Many people opt for solar heating for their outdoor swimming pools, which can take huge amounts of energy to heat.

Four Principles of Solar Heating

Passive Solar Heating is based on the idea that we can use the solar energy that naturally falls without installing specialized equipment.

Collection

In order to solar heat your home, you need to collect the sunlight first.

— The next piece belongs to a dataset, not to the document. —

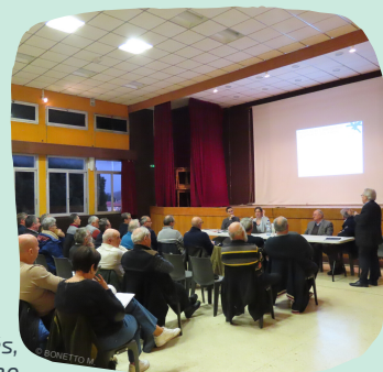
Réunion auprès des collectivités, Latour de France-04/02/20

Les assemblées ont ainsi pu découvrir les projets de Statuts du futur Syndicat mixte de gestion qui portera l' animation et déploiera l'ensemble des dispositions inscrites dans la Charte de Parc. Au total, 69 élus du territoire ont participé à ces quatre réunions et 45 collectivités étaient représentées .

The natural sunlight that already falls can be collected through south-facing windows. They need to be high-performance, direct-gain windows situated vertically over a large surface area. These new windows are vastly different from conventional window designs, which lose energy at night at a greater rate than collected throughout the day. These new windows, however, are designed to retain indoor heat and amplify the sun’s energy.

Storage

As the solar energy is collected, it needs to be stored in building material called thermal mass. Examples of material good for solar energy storage include stone, drywall, brick, concrete, and adobe.

Distribution

The solar energy that has been collected and stored doesn’t need to be used all at once. Rather, it needs to be released as the temperature outside drops.

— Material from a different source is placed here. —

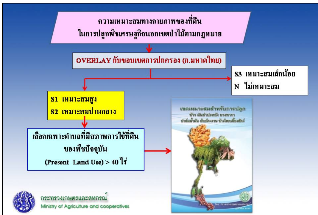
รูปที่ 8-3 ขั้นตอนการจัดทำบัญชีแนบท้าย เรื่องเขตเหมาะสมสำหรับการปลูกพืชเศรษฐกิจ

Energy-efficient construction of a passive solar heating system means that you should be able to avoid additional expensive or sophisticated distribution systems. The laws of thermodynamics work for you in this case as well – hot air rises and fills cooler spaces naturally.

Retention

All of that energy-efficient solar heating will do little good if your home is not adequately insulated. Whatever materials you choose, the recommended insulating factor of walls is about R-30 for walls and R-50 for ceilings. This may seem like overkill, but the appropriate insulation is a necessary investment for a passive solar heating system to work properly.

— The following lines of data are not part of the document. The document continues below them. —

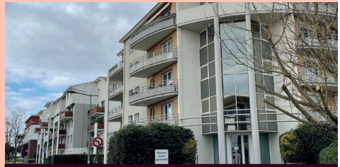
ENTRÉE DU RESTAURANT « LES FAUVETTES »

Le secrétariat du service animation seniors est établi au restaurant des Fauvettes. Vous pourrez y rencontrer les animateurs pour toutes vos demandes : inscriptions, renseignements, assurer le suivi de toutes les activités proposées, vous renseigner et répondre à vos questions.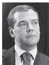
Дмитрий Медведев, председатель Правительства Российской Федерации: «ИННОПРОМ

– это крупнейшее начинание, крупнейшая индустриальная выставка. Но мы её проводим не для того, чтобы похвастаться, а для того, чтобы новые технологические решения воплощались в жизнь, создавались новые производства, открывались новые заводы».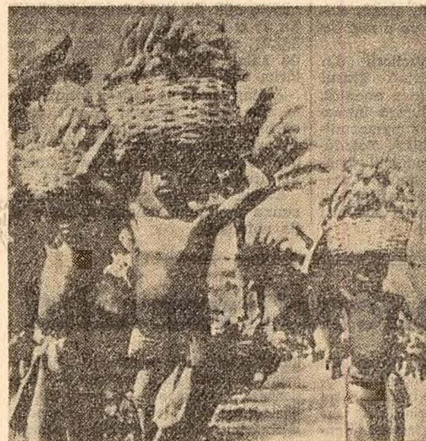
Copii fără copilărie! Din cea mai teribilă vîrstă copiii din țările africane aflate încă sub jugul colo-nial sînt nevoiți să muncească din zori pînă în noaptea pe plantațiile colonialiștilor.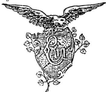
4. Емблема товариства «Сокіл» у Львові. Початок ХХ ст.

з деякими відмінностями та особливостями був сталий для всіх слов'янських сокільських організацій, у тому числі для чехів 26 , поляків 27 та ін.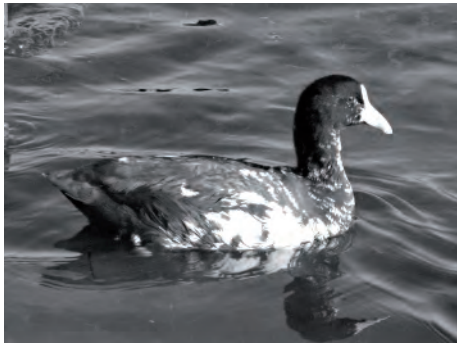
Рис. 3. Лысуха с частично альбиносной окраской оперенья.

Савка – Oxyura leucoccephala (Scop.). С 90-х гг. XX в. савка стала регулярно появляться в Крыму на зимовке и весеннем пролете. Для района исследований была указана в феврале 1855 г. (Carte, 1858). В начале XXI в. встречалась зимой в бухтах Севастопольской (январь 2008 г.: Бескаравайный, 2008) и Круглой (январь-февраль 2013 г.: Андрущенко и др., 2013). Регулярность зимовок этого вида в последние годы подтверждают регистрации двух особей в б.Круглой 09.02.2014 г. и одиночки – с 13.12.2014 г. до 1.02.2015 г.

In addition, it’s important to seal your home against unnecessary air leakage. Start at more obvious points, such as doors and windows, then move onto to recessed lighting, pipes and wire ducts. Materials useful for reducing air leakage include weather-stripping, caulk and expanding foam.

Incorporate Passive Solar Heating Systems

The efficiency and reliability of solar heating systems have increased dramatically since they were first introduced, making them attractive options in the home or business. But there is still room for improvement.

The U.S. Department of Energy (DOE) and its partners are working to design even more cost-effective solar heating systems and to improve the durability of materials used in those systems. This research is helping make these systems more accessible to the average consumer and helping individuals reduce their utility bills and the nation reduce its consumption of fossil fuels.

To help more Americans benefit from these systems, the U.S. Energy Policy Act implemented a 30% tax credit for consumers who install solar water heating systems. To be eligible for this tax credit, the systems must be certified by the Department of Energy’s non-profit partner, the Solar Rating & Certification Corporation (SRCC).